Zum Vergütungsanspruch eines Geschäftsführers nach Abberufung aus wichtigem Grund
Hintergrund
Die Beklagte ist ein Unternehmen, an der zu gleichen Teilen der Kläger, sowie zwei weitere Gesellschafter beteiligt waren. Alle Gesellschafter waren einzelvertretungsberechtigte Geschäftsführer und bei der Beklagten als solche angestellt. Aufgrund erheblicher Differenzen zwischen den Gesellschaftern, kündigte der Kläger im Dezember 2009 seinen Geschäftsführerdienstvertrag zum 31.12.2010. Daraufhin unternahm er verschiedene Maßnahmen, die darauf abzielten, die weiteren Gesellschafter aus dem Unternehmen zu drängen. Erst durch eine einstweilige Verfügung konnten diese Maßnahmen wieder rückgängig gemacht werden. Im Februar 2010 wurde der Kläger daraufhin als Geschäftsführer abberufen. Die zugleich erklärte außerordentliche Kündigung des Anstellungsverhältnisses war jedoch unwirksam, da die Kündigung nicht als Tagesordnungspunkt in der Gesellschafterversammlung vorgesehen war. Die Vergütung des Klägers wurde dennoch eingestellt. Während des noch laufenden Dienstverhältnisses baute der Kläger ein Konkurrenzunternehmen auf. Mit der Klage begehrt der Kläger von der Beklagten die Zahlung rückständiger Geschäftsführervergütung von März bis Dezember 2010.

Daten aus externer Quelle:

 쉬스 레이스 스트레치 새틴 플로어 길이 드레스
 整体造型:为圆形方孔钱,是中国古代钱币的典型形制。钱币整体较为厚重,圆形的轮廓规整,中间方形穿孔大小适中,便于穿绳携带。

Das LG Traunstein hat die Klage abgewiesen. Dem Kläger sei die Erbringung seiner Arbeitsleistung als Geschäftsführer aufgrund der wirksamen Abberufung unmöglich geworden. Daher sei auch der entsprechende Vergütungsanspruch entfallen. Hiergegen wandte sich der Kläger mit der Berufung.

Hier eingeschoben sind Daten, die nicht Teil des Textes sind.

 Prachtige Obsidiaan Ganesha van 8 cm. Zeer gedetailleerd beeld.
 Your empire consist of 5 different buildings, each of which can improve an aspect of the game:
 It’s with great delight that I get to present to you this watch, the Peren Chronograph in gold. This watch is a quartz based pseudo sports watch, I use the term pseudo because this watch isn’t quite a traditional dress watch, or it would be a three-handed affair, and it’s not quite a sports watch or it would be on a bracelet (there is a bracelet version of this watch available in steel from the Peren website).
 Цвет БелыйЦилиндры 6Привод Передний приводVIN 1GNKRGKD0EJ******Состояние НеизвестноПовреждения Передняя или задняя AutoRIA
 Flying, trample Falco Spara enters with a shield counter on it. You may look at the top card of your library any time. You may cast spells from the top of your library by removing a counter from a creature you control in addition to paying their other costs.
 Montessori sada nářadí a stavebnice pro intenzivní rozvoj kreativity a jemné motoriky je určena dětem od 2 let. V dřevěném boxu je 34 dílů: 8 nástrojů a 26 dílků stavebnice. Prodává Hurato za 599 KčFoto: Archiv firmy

OLG München, Urteil v. 24.03.2016, 23 U 1884/15
Die Berufung des Klägers hatte überwiegend Erfolg. Ein wirksamer Beschluss der Gesellschafterversammlung hinsichtlich der Kündigung liege nicht vor, da die Versammlung hierzu nicht eingeladen war. Auch enthalte der Abberufungsbeschluss nicht zugleich einen Beschluss zur Kündigung. Das Dienstverhältnis sei daher nicht wirksam beendet worden. Aus der rechtlichen Trennung von Organ- und Anstellungsverhältnis folge, dass auch bei einer wirksamen Abberufung als Geschäftsführer der Vergütungsanspruch aus dem entsprechenden Anstellungsverhältnis grundsätzlich erhalten bleibe.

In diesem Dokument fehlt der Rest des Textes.